Chris Buckle - Dissertation du lauréat, 2004

Interests in psychiatry and neurology started in high school out of volunteer work at a mental health center in Toronto. Helping drug addicts with their literacy skills and providing social support to patients with schizophrenia revealed a passion for a career that could combine the science of the brain with the art of the mind for the benefit of the mentally ill.

I pursued this interest studying cognitive science at McGill University on scholarship. Courses in neuroscience and psychology taught me about the normal functions of the human mind-brain.
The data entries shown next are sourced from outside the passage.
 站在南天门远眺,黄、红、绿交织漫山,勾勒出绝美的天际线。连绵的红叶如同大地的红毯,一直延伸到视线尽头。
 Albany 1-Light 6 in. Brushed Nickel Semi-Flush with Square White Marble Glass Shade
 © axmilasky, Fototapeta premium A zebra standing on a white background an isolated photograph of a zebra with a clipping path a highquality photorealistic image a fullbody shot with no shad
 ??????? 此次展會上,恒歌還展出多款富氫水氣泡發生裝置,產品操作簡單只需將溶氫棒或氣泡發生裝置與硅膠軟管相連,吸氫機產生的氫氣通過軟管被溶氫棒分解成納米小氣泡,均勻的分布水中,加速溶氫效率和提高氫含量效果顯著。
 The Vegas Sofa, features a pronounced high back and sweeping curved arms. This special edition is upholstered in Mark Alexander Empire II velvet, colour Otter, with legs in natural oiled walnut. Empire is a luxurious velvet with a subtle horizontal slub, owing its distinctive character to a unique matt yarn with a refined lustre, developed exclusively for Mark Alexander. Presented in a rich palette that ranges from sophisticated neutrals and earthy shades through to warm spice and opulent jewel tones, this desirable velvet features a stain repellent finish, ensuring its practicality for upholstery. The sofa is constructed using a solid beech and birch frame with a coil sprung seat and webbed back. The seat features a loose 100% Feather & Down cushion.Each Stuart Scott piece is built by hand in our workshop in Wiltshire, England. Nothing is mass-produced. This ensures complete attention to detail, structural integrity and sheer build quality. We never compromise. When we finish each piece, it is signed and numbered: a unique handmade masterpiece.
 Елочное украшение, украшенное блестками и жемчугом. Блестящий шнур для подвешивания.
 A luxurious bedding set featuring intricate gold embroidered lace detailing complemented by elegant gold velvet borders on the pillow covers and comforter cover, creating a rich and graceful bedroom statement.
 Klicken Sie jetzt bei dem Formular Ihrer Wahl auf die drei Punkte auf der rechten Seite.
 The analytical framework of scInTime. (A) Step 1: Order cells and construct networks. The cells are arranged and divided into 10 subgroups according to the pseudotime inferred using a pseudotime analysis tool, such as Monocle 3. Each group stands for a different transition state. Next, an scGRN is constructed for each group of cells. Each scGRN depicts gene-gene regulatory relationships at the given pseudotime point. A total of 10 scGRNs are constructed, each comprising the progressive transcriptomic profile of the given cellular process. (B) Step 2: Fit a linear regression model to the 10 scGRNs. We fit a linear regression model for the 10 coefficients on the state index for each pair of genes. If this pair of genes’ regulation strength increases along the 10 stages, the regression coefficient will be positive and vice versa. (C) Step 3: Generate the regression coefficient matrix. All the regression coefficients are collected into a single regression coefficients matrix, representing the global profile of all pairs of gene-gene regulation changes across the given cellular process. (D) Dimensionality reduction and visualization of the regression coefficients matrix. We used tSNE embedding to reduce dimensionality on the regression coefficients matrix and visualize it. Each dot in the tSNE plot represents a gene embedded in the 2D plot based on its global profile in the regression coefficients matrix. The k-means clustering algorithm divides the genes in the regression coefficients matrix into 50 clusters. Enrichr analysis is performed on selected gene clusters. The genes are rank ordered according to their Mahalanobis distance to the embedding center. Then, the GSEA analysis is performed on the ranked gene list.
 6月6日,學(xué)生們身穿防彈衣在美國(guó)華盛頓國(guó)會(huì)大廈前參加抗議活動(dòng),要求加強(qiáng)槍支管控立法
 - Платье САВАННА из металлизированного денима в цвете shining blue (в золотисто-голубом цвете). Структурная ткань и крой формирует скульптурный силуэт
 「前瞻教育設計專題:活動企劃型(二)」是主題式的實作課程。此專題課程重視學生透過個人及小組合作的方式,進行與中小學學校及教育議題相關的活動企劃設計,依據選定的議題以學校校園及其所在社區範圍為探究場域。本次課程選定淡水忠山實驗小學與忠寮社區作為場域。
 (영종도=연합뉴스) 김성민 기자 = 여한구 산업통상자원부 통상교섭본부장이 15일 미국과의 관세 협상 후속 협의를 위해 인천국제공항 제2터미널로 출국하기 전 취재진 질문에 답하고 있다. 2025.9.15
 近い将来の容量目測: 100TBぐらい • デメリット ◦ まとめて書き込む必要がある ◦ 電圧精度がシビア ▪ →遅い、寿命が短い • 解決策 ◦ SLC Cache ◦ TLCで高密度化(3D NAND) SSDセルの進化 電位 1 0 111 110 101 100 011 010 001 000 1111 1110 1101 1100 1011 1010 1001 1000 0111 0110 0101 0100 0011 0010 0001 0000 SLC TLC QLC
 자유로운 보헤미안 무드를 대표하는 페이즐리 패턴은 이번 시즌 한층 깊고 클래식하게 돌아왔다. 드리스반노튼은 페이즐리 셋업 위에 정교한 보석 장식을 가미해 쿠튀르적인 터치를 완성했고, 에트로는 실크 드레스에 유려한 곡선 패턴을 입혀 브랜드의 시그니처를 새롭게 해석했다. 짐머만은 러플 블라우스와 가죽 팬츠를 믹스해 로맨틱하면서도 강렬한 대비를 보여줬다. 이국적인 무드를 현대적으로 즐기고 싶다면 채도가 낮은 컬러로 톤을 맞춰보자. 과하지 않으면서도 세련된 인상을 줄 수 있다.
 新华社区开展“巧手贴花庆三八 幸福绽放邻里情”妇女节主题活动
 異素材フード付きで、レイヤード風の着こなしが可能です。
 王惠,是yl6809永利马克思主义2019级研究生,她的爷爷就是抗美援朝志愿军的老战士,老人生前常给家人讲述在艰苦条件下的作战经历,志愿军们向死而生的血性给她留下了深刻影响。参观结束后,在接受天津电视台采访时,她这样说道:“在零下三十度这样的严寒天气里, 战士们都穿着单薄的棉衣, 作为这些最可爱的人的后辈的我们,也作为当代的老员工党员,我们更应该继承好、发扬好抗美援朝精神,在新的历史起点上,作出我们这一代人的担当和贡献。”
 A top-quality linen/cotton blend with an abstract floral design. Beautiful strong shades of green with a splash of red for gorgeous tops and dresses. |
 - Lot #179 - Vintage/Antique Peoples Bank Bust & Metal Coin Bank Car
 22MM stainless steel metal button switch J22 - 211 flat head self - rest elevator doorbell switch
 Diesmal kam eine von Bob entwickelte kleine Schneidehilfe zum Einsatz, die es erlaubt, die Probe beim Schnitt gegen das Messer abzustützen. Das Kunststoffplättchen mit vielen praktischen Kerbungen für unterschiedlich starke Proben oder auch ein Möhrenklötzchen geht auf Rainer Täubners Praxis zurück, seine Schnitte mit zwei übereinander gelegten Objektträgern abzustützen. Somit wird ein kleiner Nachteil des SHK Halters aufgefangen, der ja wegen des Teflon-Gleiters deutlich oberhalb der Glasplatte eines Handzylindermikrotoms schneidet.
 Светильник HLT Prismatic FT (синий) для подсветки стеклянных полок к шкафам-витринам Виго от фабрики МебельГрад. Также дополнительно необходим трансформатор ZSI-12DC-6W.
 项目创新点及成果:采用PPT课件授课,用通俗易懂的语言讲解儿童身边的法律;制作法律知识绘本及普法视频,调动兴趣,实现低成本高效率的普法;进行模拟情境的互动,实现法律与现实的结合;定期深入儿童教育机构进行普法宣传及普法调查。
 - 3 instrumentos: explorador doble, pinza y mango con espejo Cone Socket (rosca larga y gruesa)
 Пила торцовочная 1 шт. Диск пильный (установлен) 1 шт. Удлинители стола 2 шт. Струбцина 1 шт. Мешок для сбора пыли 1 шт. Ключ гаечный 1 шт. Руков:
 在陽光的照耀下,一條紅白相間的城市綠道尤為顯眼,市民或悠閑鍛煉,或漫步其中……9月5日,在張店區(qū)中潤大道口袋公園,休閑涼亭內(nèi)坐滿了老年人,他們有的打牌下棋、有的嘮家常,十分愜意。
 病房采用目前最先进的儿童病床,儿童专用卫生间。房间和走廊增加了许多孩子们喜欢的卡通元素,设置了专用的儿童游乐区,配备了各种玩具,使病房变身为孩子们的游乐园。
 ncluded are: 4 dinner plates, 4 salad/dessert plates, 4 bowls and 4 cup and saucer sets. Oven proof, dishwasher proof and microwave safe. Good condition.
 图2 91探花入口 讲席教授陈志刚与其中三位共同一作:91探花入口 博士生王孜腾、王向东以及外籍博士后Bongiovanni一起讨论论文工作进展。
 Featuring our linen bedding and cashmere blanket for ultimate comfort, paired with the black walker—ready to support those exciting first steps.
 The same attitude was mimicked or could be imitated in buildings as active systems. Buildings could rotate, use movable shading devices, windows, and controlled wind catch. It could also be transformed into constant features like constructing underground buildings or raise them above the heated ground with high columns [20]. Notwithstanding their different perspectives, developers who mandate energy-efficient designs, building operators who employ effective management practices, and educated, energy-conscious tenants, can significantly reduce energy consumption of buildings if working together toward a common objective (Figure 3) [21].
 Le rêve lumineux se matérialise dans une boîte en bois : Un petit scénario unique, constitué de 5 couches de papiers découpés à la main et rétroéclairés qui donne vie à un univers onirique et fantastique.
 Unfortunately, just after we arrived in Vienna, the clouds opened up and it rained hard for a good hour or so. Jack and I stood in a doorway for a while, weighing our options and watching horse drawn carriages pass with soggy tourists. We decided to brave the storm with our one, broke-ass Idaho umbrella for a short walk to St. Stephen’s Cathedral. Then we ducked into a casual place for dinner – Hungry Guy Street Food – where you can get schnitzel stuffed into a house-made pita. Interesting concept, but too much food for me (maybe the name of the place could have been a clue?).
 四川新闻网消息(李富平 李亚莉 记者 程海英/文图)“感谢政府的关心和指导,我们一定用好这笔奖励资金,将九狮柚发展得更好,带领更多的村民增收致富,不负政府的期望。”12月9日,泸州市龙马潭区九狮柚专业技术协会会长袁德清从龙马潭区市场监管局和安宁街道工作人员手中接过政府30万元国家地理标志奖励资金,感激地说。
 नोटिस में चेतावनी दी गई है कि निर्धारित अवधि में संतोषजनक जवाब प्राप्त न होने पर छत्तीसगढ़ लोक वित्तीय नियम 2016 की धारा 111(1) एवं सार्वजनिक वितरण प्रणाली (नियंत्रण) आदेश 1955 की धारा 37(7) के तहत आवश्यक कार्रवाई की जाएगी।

Tutoring children with behavioral problems, running weekly bingo for patients with Alzheimer's disease and serving meals to homeless people with mental illness testified to the social consequences of the mind and brain in disease. They provided an impetus to do summer research on the neurobiology of schizophrenia (published in the European Journal of Pharmacology), the neural networks of memory and the molecular mechanisms of stroke. In the summer of 2002, I drew on these experiences trying to de-stigmatize mental illness, by teaching courses in neurology and psychiatry to pre college students at Yale.

I came to medical school hoping to be a neuropsychiatrist. Now in my third year, I have done electives in both fields and spent last summer in Singapore doing research in cross-cultural psychiatry. By giving me the means to present this work at conferences in Calgary and San Francisco, the Mensa Scholarship would bring me one step closer to realizing a career I have dreamt about since high school.